Authors :
Presenting Author: Yong-Won Shin, MD, PhD – Seoul National University Hospital
Sang Bin Hong, MD, PhD – Seoul National University Hospital
Jangsup Moon, MD, PhD – Seoul National University Hospital
Soon-Tae Lee, MD, PhD – Seoul National University Hospital
Kyung-Il Park, MD, PhD – Seoul National University Hospital
Kon Chu, MD, PhD – Seoul National University Hospital
Sang Kun Lee, MD, PhD – Seoul National University Hospital
Rationale:
A proinflammatory environment, characterized by the infiltration of both innate and adaptive immune cells in epileptic tissue, along with altered systemic immune cell and cytokine profiles, has been documented in epilepsy. T cell receptors (TCRs), located on the surface of T cells, recognize peptide antigens bound to major histocompatibility complexes, playing a critical role in the adaptive immune response. Previous studies have shown changes in TCR repertoire in various autoimmune diseases, including neurological disorders such as multiple sclerosis and Rasmussen encephalitis. In this study, we investigated whether the TCR repertoire in circulating T cells reflects epilepsy associated with inflammatory activity.

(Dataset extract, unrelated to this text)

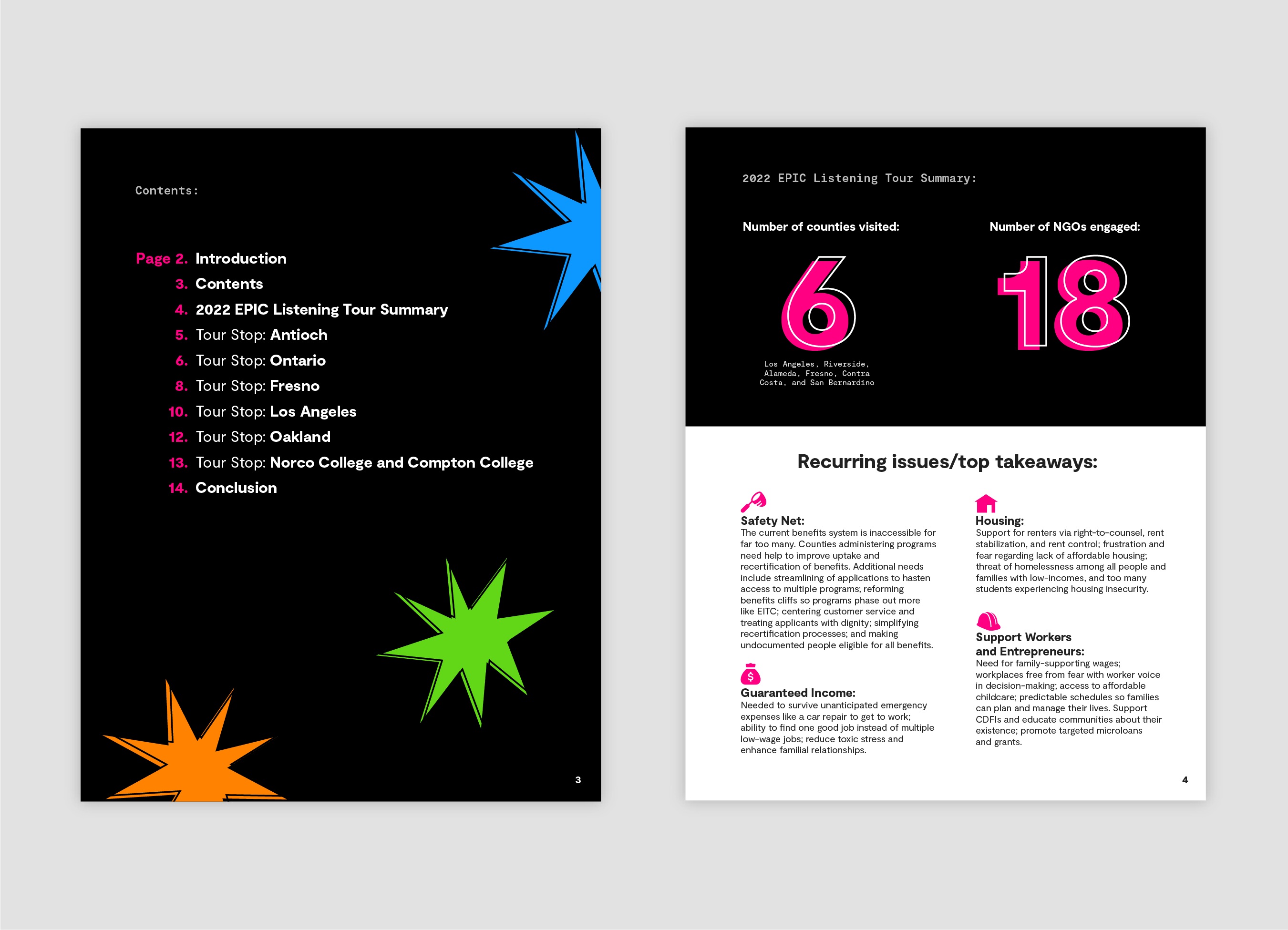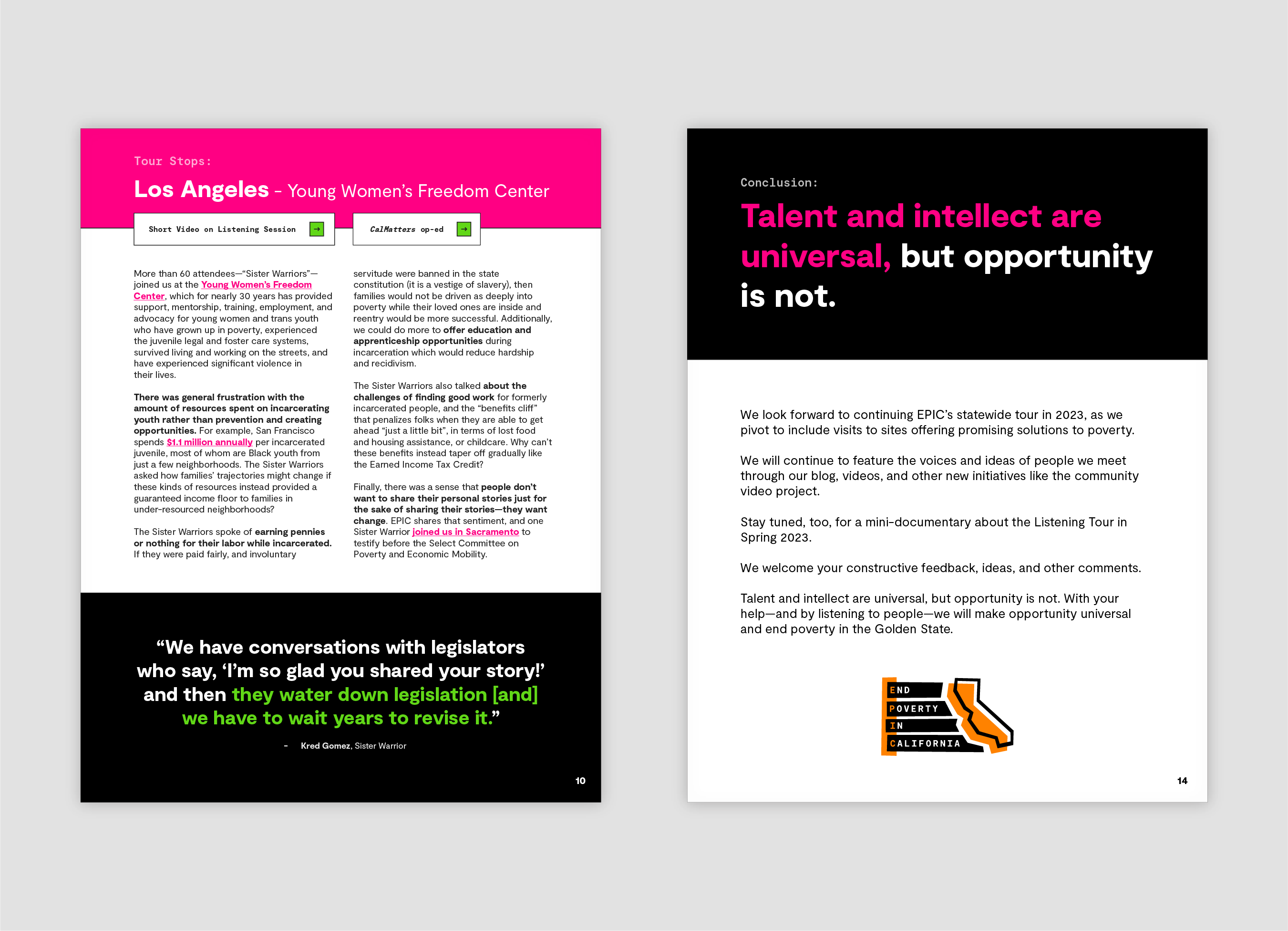 Nonprofit orgnaization EPIC - End Poverty in California had been engaged in a listening tour of the state and documented their learnings. I designed and created an interactive PDF with links to news articles, videos, and websites to be delivered to California Governor Gavin Newsom.

Methods: We analyzed the TCR beta-chain repertoires of patients with intractable epilepsy, autoimmune encephalitis, and control subjects using peripheral blood mononuclear cells. Demographic and clinical characteristics of the patients were collected, and volumetric analysis of magnetic resonance imaging (MRI) was performed to assess brain structure.
Results:
A total of 36 subjects were analyzed in this study. Patients with intractable epilepsy (n=16) exhibited increased TCR clonality compared to the control population (n=7), though to a lesser degree than patients with autoimmune encephalitis (n=13) (Kruskal-Wallis p = 0.001). Seizure frequency in the epilepsy patients showed a significant correlation with TCR repertoire clonality (R = 0.53, p=0.043). Additionally, the normalized percentile of the asymmetric index of the temporal lobe demonstrated a strong correlation with TCR repertoire clonality (R = 0.68, p = 0.0081).
Conclusions:
TOur findings indicate that clonally expanded T cells are more prevalent in patients with intractable epilepsy compared to the control population. The degree of TCR clonality correlates with seizure frequency and the extent of brain atrophy, suggesting that TCR repertoire analysis could serve as a marker for epilepsy severity. This study provides evidence of an ongoing adaptive immune process in epilepsy, implying that epileptic activity may be quantifiable through circulating TCR repertoire analysis. Further research is warranted to explore the clinical implications of these findings.
Funding: This work was supported by the National Research Foundation of Korea(NRF) grant funded by the Korea government(MSIT) (NRF-2020R1C1C1014982).